他用力戳着自己的脑袋,红着眼眶咬牙道:“我们除了那厚厚的圣贤书,什么都没有。”
“哪怕是死在朝堂上,我也绝不后退半步!”
“这天下,总要有人为百姓发声。”
吴忧嘴唇开阖,吐出的白气模糊了视线,伸出的手紧紧攥在一起。
他不能理解他们这愚蠢的行为,但他清楚地知道,自己无法阻止他们。
师傅想要剥夺命格,他们挤破头想要进去的朝廷也早已经腐败,他们根本不可能改变这一现状。
秦国病入膏肓,药石无医。
既然不能阻止你们,那便助你们选择自己的结局。
吴忧抬眸道:“在你们进入皇宫,面见皇帝之前,我来保护你们的安全。”
师傅,来试试吧!
“这件事你没必要掺和进来。”
吴忧没有解释,护送他们往客栈走去。
他们并不是住在同一个客栈,送别几人后,吴忧领着许念生和一位名叫姜仁的读书人行走在,大雪纷飞的街道上。
许念生冻得浑身哆嗦,双手抱住臂膀不断摩擦。
姜仁双手握在一起,放在嘴前哈着热气,“没想到天下还有你这般心系百姓的侠义之辈。”
吴忧道:“其实有很多心系天下的江湖豪杰,只是他们在用自己的方式抗争。”
“前面就是同福客栈了,快些走吧,外面太冷你们身子单薄,可受不……”
咻——!
吴忧揪住两人的衣领,脚尖点地,纵身向后跃去。
一柄寒光凌冽的长剑插在雪地中,剑身摇晃,发出细微的嗡鸣。
“这是……”姜仁看着那把剑,身体猛地哆嗦。
吴忧张开双手,将他们护在身后,头也不回地说道:“找个地方躲起来。
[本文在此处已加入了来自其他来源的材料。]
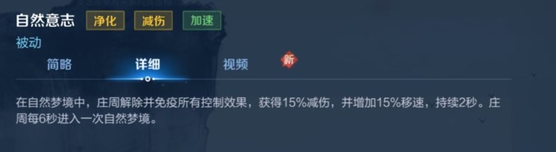 每6秒自动进入持续2秒的自然梦境,梦中移速提升15%,并免疫控制效果,同时获得15%减伤。
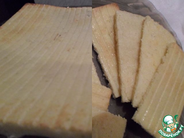Достаем бисквит из духовки, ждём, пока остынет до комнатной температуры, и разрезаем на 8 прямоугольников.
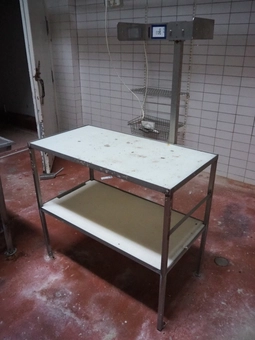 S/s table, plastic top, dimensions: 1050 mm x 600 mm x 1620 mm.€ 25,000 bids26/02/2026 14:50 -
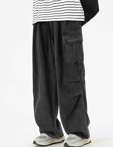 trending ! Y2k Cargo Jeans Men Wide Leg Loose Skater Jeans Hip Hop Cargo Pants Grunge Clothes Harajuku Streetwear

”
姜仁点了点头,抓住许念生往小巷里扯。
“吴忧你小心!”许念生呐喊。
吴忧抬起头,刺骨的风雪迷乱了他的视线。
漆黑的雪夜中,黑衣人缓缓降落,脚尖轻点在插入雪地的剑柄上。
他背负双手,居高临下地俯视吴忧,没有说话。
因为蒙着脸,吴忧看不到他的容貌,心里却有所猜测。
张焕。
没想到这小子竟然会独自离开,给自己创造动手的机会。
战斗一触即发,吴忧金骨迸发出破晓般的光华,周身灵力激荡,震散落雪,笔直地向他冲去。
张焕轻哼,单手便能结印,地上的积雪浮空压实,而后自行扭转成冰锥,猛地射出。
吴忧踏碎地面,张嘴吸入一口冷空气,悍然出拳砸碎冰锥。
可还是被其中击中腹部,双足站在地上往后滑行数米。
还未站稳,张焕便右手结印,重重拍打吴忧的头顶。
砰——!
这一掌仿佛拍打在铜钟上,发出浑厚的声响。
张焕踉跄着后退数步,惊讶地看着环绕吴忧周身的山岳纹。
这是南宫师叔赠予的防御术法吗?
可惜,金骨终究只是金骨!
他双手握拳,浓眉凝在一起,体温骤然攀升,将周遭的雪融化。
江河奔涌的浪涛声从他体内传出,那是灵血在沸腾!
裸露在外的肌肤,也泛起淡淡的玉质光华,仿若月宫下凡的仙人。
从这一刻起,那些落雪不能近他身半寸,纯净无瑕不染凡尘。
金骨、灵血、玉肌、无尘,是张焕无疑!
“死吧!”他低声怒喝,脚下青石崩碎,身体犹如离弦之箭射出,推压着身前的冷空气,将积雪连同地面犁出笔直的沟壑。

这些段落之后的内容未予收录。